The kops upgrade command also automates checking for and applying updates.

It is recommended to run the latest version of kOps to ensure compatibility with the target kubernetesVersion. When applying a Kubernetes minor version upgrade (e.g. v1.5.3 to v1.6.0), you should confirm that the target kubernetesVersion is compatible with the current kOps release.

Manual update

  • kops edit cluster $NAME
  • set the kubernetesVersion to the target version (e.g. v1.3.5) Note the verb used below is update, not upgrade.
  • kops update cluster $NAME to preview, then kops update cluster $NAME --yes
  • kops rolling-update cluster $NAME to preview, then kops rolling-update cluster $NAME --yes

Automated update

  • kops upgrade cluster $NAME to preview, then kops upgrade cluster $NAME --yes

In future the upgrade step will likely perform the update immediately (and possibly even without a node restart), but currently you must:

  • kops update cluster $NAME to preview, then kops update cluster $NAME --yes
  • kops rolling-update cluster $NAME to preview, then kops rolling-update cluster $NAME --yes

Upgrade uses the latest Kubernetes version considered stable by kOps, defined in https://github.com/kubernetes/kops/blob/master/channels/stable.

Terraform Users

  • kops edit cluster $NAME
  • set the kubernetesVersion to the target version (e.g. v1.3.5)
  • NOTE: The next 3 steps must all be run in the same directory.
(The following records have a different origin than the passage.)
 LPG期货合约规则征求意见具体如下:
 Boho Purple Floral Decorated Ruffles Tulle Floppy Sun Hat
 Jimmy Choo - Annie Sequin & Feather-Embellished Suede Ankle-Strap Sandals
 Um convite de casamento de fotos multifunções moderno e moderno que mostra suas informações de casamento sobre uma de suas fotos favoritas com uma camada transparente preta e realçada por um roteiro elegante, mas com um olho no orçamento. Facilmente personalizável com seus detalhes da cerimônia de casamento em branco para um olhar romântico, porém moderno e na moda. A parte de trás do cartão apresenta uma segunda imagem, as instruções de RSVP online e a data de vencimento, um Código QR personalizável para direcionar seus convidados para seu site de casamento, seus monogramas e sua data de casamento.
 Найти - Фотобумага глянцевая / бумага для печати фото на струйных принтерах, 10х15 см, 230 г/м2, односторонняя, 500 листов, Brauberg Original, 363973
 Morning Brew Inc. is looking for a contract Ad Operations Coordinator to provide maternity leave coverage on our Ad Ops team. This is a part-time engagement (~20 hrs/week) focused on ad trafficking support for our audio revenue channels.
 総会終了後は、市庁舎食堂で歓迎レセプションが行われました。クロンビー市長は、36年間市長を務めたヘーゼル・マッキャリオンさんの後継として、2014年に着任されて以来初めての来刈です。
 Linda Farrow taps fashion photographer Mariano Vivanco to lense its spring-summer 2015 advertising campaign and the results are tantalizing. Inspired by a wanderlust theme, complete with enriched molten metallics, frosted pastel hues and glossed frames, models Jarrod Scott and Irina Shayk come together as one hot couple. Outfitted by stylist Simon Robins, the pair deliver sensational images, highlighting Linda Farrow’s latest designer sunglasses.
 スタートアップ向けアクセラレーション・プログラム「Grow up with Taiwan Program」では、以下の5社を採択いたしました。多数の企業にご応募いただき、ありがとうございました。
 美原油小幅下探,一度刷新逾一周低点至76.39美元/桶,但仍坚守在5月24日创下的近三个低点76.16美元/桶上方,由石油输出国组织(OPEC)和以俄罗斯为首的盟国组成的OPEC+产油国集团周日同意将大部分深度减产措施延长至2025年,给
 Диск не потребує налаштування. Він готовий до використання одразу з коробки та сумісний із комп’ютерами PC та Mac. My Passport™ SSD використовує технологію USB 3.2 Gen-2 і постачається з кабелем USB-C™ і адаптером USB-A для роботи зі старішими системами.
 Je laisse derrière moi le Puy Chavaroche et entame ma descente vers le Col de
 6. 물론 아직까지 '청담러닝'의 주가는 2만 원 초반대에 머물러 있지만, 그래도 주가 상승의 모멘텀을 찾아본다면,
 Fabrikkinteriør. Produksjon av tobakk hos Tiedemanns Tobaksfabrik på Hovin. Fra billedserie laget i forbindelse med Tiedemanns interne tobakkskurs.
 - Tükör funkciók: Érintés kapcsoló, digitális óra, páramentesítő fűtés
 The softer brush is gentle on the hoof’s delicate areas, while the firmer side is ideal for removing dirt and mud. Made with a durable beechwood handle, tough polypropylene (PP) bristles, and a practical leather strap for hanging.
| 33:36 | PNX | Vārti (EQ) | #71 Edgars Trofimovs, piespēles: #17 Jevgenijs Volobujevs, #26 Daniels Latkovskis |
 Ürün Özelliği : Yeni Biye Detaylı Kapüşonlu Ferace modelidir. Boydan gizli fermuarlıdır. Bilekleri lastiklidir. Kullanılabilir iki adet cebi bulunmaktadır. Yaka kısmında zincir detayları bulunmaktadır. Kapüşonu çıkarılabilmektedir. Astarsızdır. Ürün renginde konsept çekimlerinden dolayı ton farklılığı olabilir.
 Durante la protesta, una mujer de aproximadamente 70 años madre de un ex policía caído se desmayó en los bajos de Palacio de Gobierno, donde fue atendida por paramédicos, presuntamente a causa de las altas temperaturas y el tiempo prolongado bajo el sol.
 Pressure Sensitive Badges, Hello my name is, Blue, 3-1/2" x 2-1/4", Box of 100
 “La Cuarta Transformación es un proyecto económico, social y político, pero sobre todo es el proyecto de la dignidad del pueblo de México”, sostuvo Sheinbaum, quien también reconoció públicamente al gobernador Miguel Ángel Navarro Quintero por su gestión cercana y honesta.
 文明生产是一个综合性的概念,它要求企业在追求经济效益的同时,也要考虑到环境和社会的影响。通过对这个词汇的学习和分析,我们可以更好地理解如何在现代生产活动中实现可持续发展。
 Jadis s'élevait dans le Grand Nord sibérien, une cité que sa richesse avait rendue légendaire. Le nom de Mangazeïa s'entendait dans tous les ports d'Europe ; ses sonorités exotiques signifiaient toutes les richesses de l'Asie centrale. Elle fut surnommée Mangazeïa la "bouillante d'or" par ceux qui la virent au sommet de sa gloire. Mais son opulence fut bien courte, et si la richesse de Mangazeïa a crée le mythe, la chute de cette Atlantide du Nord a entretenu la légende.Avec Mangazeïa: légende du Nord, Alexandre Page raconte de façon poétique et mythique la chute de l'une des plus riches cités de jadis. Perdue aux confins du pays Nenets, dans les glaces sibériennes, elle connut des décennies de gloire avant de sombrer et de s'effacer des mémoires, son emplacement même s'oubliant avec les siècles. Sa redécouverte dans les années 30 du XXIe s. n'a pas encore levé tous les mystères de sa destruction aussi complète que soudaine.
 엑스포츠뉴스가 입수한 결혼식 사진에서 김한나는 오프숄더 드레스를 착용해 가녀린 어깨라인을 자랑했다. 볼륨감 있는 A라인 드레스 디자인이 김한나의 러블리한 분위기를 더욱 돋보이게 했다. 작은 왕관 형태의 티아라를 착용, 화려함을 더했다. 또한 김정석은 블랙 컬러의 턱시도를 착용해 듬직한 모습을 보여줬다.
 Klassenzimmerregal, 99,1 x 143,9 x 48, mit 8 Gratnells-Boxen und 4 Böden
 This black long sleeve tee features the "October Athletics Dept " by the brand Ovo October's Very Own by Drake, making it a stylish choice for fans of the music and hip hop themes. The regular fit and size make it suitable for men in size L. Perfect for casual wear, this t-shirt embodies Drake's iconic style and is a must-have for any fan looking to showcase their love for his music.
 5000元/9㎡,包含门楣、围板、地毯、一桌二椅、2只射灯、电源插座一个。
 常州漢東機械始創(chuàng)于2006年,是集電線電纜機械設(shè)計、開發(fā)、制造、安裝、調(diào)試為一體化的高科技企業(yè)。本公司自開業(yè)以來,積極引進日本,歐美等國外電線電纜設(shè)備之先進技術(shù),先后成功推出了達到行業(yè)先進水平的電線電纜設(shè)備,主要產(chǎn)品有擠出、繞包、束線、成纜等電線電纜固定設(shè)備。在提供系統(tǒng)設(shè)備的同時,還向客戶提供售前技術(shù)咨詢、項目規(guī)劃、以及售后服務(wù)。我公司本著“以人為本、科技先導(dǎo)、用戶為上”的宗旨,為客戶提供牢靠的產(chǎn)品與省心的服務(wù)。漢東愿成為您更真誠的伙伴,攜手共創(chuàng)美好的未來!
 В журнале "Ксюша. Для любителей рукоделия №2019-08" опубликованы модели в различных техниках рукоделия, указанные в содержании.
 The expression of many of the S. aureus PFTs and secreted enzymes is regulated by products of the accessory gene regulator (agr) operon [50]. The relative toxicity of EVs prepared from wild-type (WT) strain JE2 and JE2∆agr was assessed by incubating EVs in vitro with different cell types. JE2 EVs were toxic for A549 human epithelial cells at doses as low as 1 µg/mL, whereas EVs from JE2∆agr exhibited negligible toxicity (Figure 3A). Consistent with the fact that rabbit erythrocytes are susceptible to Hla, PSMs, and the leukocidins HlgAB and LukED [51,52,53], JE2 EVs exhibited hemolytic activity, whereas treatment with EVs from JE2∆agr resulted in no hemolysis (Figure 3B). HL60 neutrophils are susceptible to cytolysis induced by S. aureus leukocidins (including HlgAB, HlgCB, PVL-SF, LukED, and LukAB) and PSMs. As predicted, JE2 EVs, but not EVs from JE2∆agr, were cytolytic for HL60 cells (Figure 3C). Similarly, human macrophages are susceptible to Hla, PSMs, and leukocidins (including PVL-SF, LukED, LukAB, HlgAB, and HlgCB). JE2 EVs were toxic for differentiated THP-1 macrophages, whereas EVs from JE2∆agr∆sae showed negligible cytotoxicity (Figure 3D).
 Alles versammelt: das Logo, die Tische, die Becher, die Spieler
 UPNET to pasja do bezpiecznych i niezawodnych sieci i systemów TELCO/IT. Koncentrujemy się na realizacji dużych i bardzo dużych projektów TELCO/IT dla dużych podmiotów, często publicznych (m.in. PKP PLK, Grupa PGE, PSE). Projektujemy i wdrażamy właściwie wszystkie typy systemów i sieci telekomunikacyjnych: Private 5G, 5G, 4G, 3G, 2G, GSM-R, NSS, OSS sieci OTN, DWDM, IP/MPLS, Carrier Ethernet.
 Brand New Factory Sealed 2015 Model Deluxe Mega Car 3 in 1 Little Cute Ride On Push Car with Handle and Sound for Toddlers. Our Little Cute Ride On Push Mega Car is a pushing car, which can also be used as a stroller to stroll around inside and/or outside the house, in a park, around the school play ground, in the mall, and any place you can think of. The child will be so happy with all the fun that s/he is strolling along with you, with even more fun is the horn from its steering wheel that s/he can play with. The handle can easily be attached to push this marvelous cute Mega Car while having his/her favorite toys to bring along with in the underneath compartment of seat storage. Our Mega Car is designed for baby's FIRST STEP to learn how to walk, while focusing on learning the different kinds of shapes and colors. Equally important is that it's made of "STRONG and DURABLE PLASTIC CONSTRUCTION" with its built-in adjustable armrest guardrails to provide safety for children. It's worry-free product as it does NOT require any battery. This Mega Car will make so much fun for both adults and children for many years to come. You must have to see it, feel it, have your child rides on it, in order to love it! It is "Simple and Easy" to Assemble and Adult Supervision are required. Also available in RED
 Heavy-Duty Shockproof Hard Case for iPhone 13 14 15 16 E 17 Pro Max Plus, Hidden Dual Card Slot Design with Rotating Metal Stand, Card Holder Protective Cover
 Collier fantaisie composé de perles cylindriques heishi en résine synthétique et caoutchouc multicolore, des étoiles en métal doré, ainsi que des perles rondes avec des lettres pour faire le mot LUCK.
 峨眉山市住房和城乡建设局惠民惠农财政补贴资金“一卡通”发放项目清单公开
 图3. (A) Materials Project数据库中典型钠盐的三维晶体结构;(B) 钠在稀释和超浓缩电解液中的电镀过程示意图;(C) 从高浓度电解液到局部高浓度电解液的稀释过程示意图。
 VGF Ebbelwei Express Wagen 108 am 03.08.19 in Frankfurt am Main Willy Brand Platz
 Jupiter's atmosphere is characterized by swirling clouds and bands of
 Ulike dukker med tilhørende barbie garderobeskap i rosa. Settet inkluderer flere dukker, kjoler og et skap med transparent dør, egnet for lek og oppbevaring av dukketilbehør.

Here, --out=. specifies that the Terraform files will be written to the current directory. It should point to wherever your Terraform files from kops create cluster exist. The default is out/terraform.
  • kops update cluster $NAME --target=terraform --out=.
  • terraform plan
  • terraform apply
  • kops rolling-update cluster $NAME to preview, then kops rolling-update cluster $NAME --yes

Other Notes:

  • In general, we recommend that you upgrade your cluster one minor release at a time (1.17 --> 1.18 --> 1.19). Although jumping minor versions may work if you have not enabled alpha features, you run a greater risk of running into problems due to version deprecation.